Biogas Stabio – Presentazione serata intercomunale

Interrogazione: Soffiatori e migliore qualità di vita

24 Ottobre 2017

Autunno. Cadono le foglie, l’aria è satura dell’odore … più che di caldarroste e funghi, di quello dei soffiatori; oltre aduna fine miscela di polveri nocive che rimane in sospensione per ore. Studi suggeriscono che l’aria in tal modo attivata sia veicolo persino di numerose patologie influenzali e di malattie tropicali che, in tal modo sollecitate, viaggiano con più agio.

La motivazione? Come sempre, l’intenzione è buona. Pare che un operatore munito di soffiatore “pulisca” quanto quattro operatori con scope e rastrelli. Forse è vero se si guarda unicamente alla quantità di materiale raccolto. Ma quello che si guadagna in tempo, lo si perde altrove, e moltiplicato.

Salute.

  • degli operatori, che portano i paraorecchie, ma respirano le emissioni dei motori, oltre che il pulviscolo che alzano. Infatti il soffiatore solleva in aria un “aerosol” (è il termine tecnico) di cacche di cane, sputi, cicche, microbi, batteri … e peggio. Un aerosol che rimane in sospensione per delle ore, perché la potente azione meccanica del soffiatore sminuzza il materiale, e questo pulviscolo minuto si deposita molto più lentamente che la polvere sollevata in aria dall’azione di scope, rastrelli … o vento.
  • delle persone nelle vicinanze, abitanti o passanti, allievi delle scuole, che subiscono l’inquinamento chimico, fisico e fonico (non avendo i paraorecchie). Ora, assistiamo all’esasperazione (altro motivo di malessere) di persone che vorrebbero un po’ di pace e si ritrovano i soffiatori all’opera nei pressi della propria abitazione o del luogo di lavoro.
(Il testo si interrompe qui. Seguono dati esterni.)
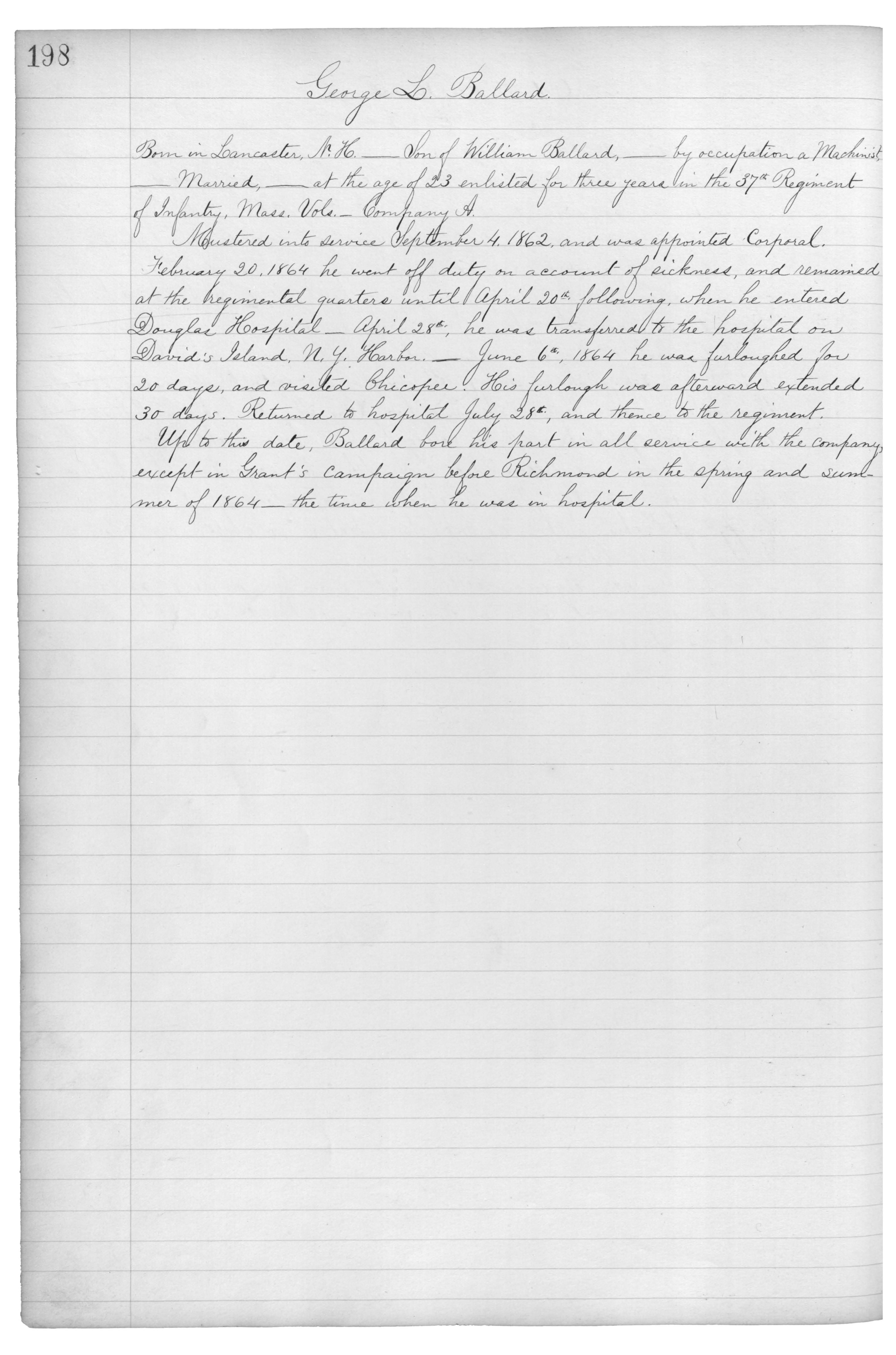 Born in Lancaster, N.H._Son of William Ballard,_by occupation a Machinist,_Married,_at the age of 23 enlisted for three years in the 37th Regiment of Infantry, Mass. Vols._Company A.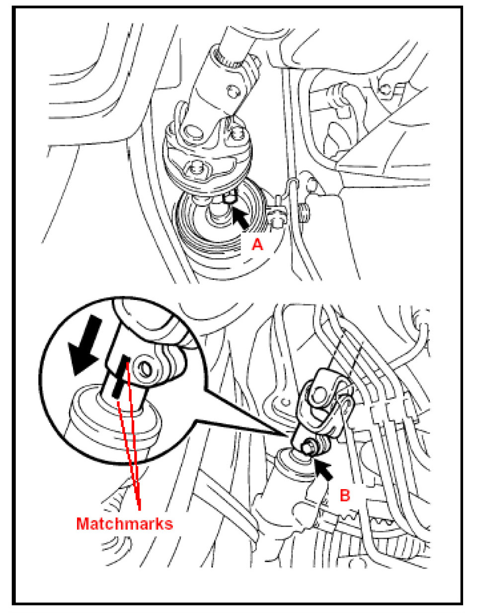 2. Place matchmarks on the intermediate shaft sub assembly and control valve shaft.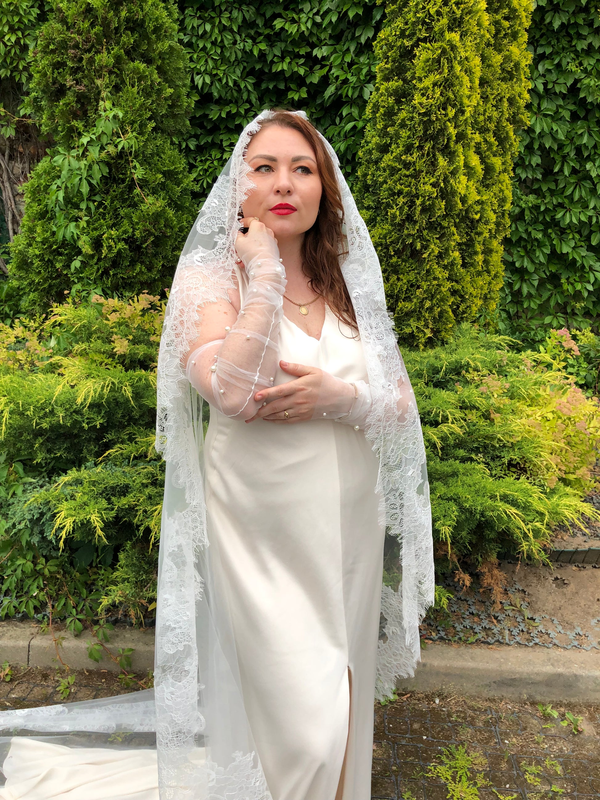 Floral Chantilly Lace Mantilla Veil – Light Ivory, Single Tier Wedding Veil
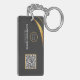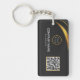 Personalized modern black and gold keychain design features your business logo and custom QR code. Add your company name/title and logo (photo or other graphic). You can customize the text size, font and color to suit your own personal preference. Input a URL address to create a scannable QR code linked to your website, social media profiles, or any other platform.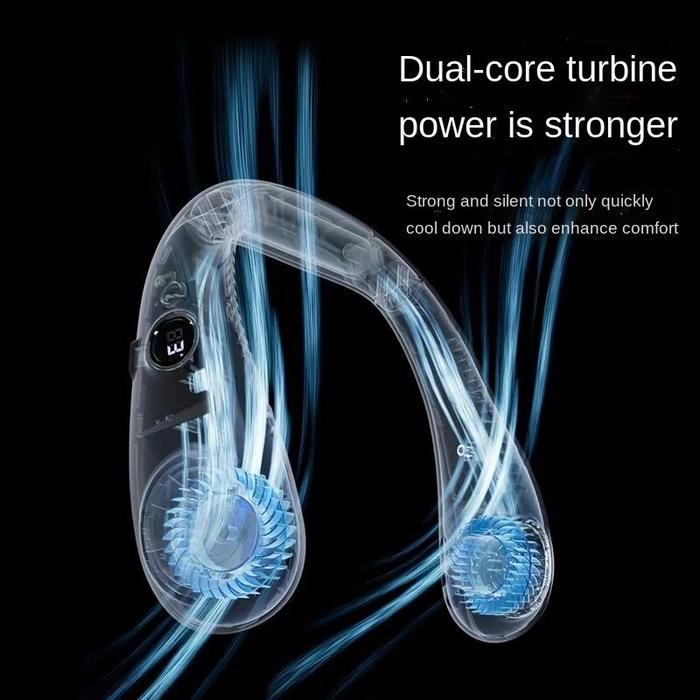 GOOJODOQ USB3.0 DIGITAL DISPLAY DUAL TURBINE PORTABLE HANGING NECK FAN - HIJAU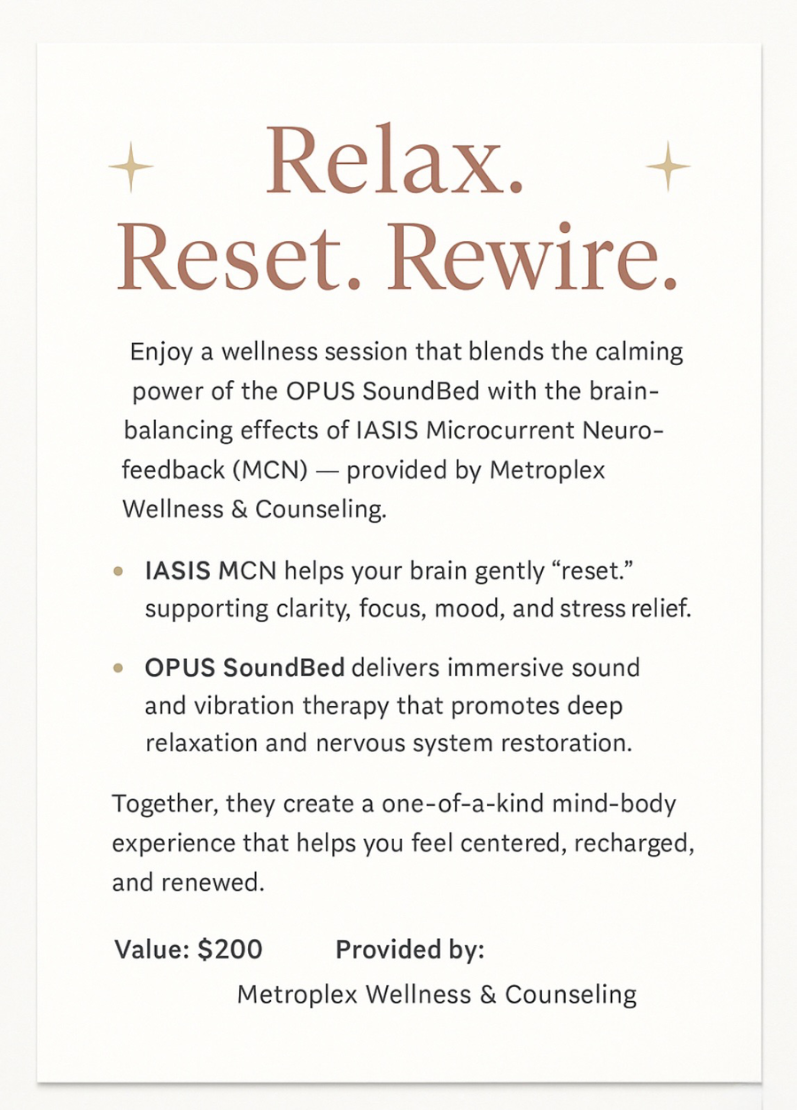 Metroplex Wellness & Counseling Relax. Reset. Rewire Session

Senza parlare degli animali (cani, gatti, uccelli, rettili e anche volpi e altri abitanti dei boschi limitrofi) che soffrono molto per il rumore, al quale sono ancora più sensibili di noi umani. L’inquinamento fonico è riconosciuto come elemento che conduce allo stress, fonte di molte patologie fisiche e psichiche.

Società.

  • Rinunciare a scope e rastrelli è un’occasione persa per dare lavoro a persone difficilmente occupabili, che siano tali per la precarietà della loro permanenza (asilanti) o per le caratteristiche personali (scelta individuale o limitatezza di alternative, per mancanza di qualifiche professionali o problemi di salute, psichica o fisica, dipendenze, altri motivi per una disoccupazione temporanea o duratura).
  • Non c’è persona, a meno che sia gravemente invalida, che non sia in grado di tenere in mano una scopa. Magari lentamente, ma anche se in una giornata tira su solo quattro foglie, è meglio occupato che non a vagare spaesato per le strade o isolarsi in qualche angolo. Con un po’ di creatività, una buona occupazione anche per i giovani, magari persino più allettante di tante proposte al chiuso del Centro giovani, e in grado di attirare più seguito!
  • L’essere umano ha bisogno di un’occupazione sensata e utile, di interazione con altri, di riconoscimento di aver fatto quello che può, di non essere un peso. Giovani compresi.
  • Ci rendiamo conto che la conduzione di squadre di questo tipo è difficile, ma è uno sforzo che al comune conviene affrontare. Per la società è meno oneroso investire pazienza e tempo per occupare le persone, come misura di prevenzione di danni ben più pesanti, come vandalismo, malattie, criminalità.

Sicurezza.

  • Non vogliamo dire che furti, vandalismi e altri crimini siano conseguenza della minore presenza di spazzini sulle strade. Ma sta di fatto che in passato c’era dappertutto la presenza di un silenzioso e attento operatore comunale, a fare da deterrente ai malviventi. Il passaggio della vettura scopatrice-aspiratrice o spargisale o dell’uomo con soffiatore, non solo non ha utilità per la sorveglianza e vigilanza, ma al contrario, sotto la copertura del rumore assordante un ladro può tranquillamente trapanare serrature e infrangere vetri. Oltre che la pazienza di chi desidera un momento di tranquillità! Nel rumore, il senso di solitudine aumenta.

Economia e ecologia.

  • L’inverno sta arrivando, speriamo con molta neve (speranza personale, e condivisa, per motivi romantici e per il senso di pulizia e di ordine che regala la coltre bianca, coprendo per qualche momento le brutture umane e gli effetti del traffico e dell’urbanizzazione). Il sale costa, danneggia l’ambiente e fa arrugginire il metallo. Negli anni passati ne abbiamo visto un uso massiccio. Spesso viene sparso sulle strade asciutte, in previsione di gelo, in quantità tali da sembrare che abbia nevicato. Dopo le nevicate, si vede il sale sparso sulla coltre di neve. Situazioni dove due colpi di pala rendono inutile il sale, o bastano quattro granelli invece di mezzo chilo.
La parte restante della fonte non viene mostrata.